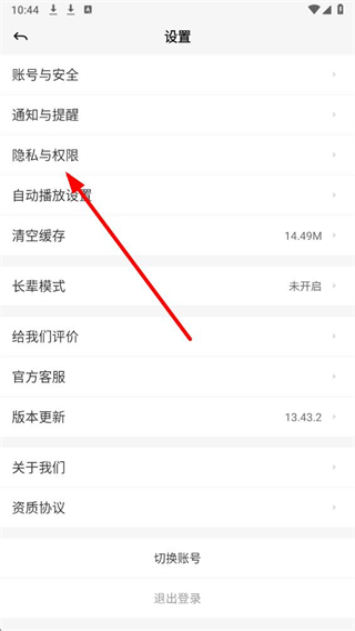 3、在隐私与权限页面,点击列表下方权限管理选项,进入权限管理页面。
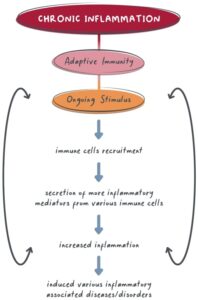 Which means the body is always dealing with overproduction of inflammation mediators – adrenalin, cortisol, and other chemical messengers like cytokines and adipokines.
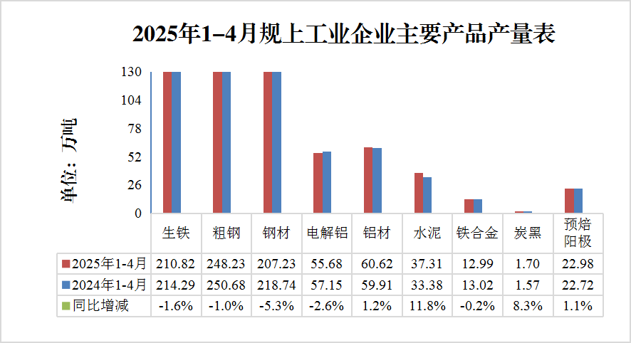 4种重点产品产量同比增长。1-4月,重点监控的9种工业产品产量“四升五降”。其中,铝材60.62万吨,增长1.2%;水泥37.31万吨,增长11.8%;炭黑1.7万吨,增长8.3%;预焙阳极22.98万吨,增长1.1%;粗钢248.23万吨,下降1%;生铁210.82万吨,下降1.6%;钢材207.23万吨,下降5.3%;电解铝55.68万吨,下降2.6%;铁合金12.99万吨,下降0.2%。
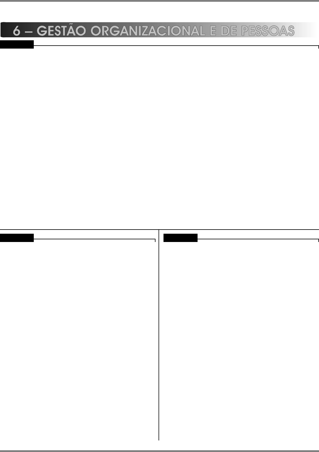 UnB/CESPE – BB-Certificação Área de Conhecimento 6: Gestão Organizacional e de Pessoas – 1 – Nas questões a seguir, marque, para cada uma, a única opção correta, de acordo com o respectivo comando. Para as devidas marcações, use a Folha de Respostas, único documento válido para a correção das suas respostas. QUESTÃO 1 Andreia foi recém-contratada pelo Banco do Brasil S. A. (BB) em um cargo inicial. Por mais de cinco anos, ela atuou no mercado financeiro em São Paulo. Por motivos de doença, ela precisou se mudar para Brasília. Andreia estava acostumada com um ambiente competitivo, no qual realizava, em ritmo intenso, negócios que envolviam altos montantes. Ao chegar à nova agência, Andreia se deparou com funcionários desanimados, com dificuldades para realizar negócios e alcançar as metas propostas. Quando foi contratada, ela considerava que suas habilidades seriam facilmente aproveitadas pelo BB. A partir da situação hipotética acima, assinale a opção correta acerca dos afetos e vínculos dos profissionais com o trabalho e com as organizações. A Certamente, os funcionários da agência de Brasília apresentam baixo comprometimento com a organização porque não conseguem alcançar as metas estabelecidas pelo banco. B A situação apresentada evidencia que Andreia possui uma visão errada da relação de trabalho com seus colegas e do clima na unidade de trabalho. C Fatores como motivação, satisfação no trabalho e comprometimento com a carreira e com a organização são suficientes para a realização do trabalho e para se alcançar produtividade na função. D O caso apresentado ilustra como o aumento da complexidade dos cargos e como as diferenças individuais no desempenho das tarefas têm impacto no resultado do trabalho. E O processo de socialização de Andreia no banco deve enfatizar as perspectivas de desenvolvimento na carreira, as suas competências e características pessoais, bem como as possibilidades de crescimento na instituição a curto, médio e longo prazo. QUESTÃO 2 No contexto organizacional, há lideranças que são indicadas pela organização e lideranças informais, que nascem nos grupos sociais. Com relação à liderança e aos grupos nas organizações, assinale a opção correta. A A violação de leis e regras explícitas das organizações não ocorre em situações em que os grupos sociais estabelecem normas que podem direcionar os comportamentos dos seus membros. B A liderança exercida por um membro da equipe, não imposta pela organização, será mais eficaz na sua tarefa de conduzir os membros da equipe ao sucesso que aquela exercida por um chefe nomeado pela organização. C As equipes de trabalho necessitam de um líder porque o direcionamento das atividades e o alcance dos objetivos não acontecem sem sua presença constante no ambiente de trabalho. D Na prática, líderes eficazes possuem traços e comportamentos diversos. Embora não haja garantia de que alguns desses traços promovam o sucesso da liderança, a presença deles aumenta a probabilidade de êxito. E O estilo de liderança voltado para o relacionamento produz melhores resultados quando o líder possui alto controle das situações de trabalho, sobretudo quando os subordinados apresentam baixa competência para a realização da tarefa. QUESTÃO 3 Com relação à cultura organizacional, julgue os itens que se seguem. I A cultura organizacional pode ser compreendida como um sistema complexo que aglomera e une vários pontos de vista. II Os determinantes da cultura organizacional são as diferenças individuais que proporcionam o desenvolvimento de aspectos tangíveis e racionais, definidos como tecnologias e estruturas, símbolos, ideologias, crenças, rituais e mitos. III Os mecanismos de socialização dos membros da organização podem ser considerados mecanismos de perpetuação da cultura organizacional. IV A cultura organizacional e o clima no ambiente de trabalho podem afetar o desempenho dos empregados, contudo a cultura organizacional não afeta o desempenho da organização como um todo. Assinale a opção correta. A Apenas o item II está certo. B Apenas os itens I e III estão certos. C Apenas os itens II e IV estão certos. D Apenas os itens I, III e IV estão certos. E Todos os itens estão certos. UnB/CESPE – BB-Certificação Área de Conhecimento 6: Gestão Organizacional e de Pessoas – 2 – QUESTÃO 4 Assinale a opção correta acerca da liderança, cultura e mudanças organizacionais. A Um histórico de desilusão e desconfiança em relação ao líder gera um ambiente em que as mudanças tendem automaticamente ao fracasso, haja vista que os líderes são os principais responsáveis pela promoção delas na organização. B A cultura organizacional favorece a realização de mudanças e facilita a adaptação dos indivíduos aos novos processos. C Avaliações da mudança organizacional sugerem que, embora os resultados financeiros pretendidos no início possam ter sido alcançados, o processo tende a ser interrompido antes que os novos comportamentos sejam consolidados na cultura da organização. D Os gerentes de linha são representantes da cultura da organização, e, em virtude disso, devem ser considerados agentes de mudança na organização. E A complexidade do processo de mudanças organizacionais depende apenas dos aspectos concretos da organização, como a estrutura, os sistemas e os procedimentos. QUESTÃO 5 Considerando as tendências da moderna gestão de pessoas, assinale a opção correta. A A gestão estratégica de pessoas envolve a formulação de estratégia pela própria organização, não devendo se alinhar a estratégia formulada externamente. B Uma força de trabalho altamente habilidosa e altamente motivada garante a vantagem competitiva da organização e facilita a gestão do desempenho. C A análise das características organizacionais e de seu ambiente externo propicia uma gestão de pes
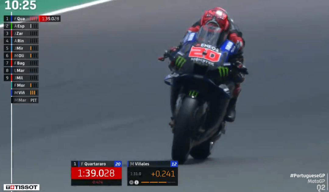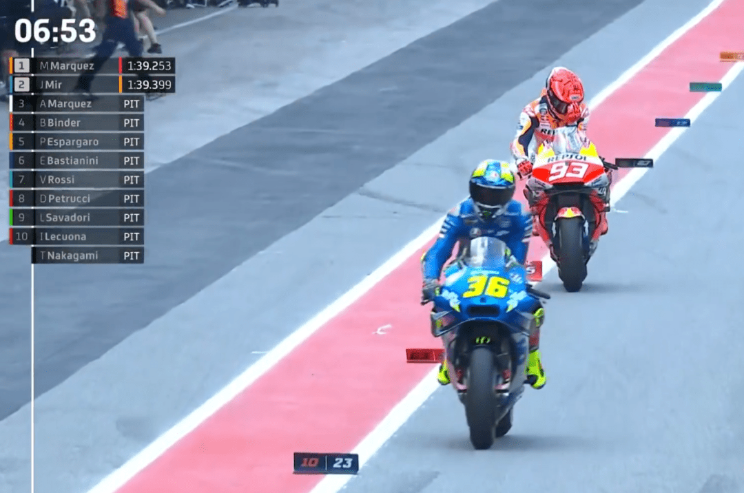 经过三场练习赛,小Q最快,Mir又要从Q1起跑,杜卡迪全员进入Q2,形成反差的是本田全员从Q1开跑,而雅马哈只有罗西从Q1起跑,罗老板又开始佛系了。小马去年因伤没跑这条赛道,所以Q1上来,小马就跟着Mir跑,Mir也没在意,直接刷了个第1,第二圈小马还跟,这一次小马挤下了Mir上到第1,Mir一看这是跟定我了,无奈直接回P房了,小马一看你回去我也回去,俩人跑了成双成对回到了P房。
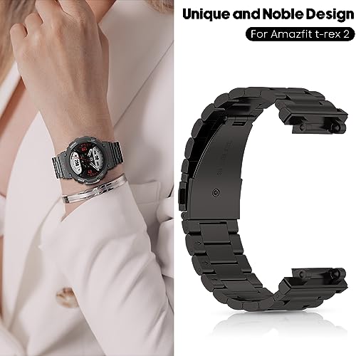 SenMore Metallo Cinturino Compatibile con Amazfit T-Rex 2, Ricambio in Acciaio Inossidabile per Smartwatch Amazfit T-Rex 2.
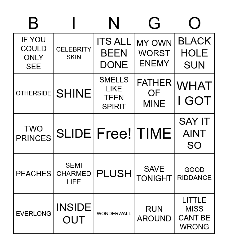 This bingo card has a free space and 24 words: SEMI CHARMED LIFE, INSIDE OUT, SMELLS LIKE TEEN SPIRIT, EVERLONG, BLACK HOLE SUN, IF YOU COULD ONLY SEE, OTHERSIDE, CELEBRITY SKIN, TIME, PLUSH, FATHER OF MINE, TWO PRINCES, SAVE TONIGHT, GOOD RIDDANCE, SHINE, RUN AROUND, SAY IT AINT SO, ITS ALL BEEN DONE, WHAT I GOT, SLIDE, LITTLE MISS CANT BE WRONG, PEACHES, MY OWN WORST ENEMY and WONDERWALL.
==========
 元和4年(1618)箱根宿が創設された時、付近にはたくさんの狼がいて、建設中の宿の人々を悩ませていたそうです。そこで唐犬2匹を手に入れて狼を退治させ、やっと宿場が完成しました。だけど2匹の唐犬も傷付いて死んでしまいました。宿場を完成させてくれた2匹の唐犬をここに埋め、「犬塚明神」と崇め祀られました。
==========
-- Exercise details --
Everything above from the line with "3、在隐私与权限页面,点击列表下方权限管理选项,进入权限管理页面。" through the line with "4种重点产品产量同比增长。1" should be retyped exactly, and nothing else; omit pictures.

-- Written response --
 3、在隐私与权限页面,点击列表下方权限管理选项,进入权限管理页面。
 Which means the body is always dealing with overproduction of inflammation mediators – adrenalin, cortisol, and other chemical messengers like cytokines and adipokines.
 4种重点产品产量同比增长。1-4月,重点监控的9种工业产品产量“四升五降”。其中,铝材60.62万吨,增长1.2%;水泥37.31万吨,增长11.8%;炭黑1.7万吨,增长8.3%;预焙阳极22.98万吨,增长1.1%;粗钢248.23万吨,下降1%;生铁210.82万吨,下降1.6%;钢材207.23万吨,下降5.3%;电解铝55.68万吨,下降2.6%;铁合金12.99万吨,下降0.2%。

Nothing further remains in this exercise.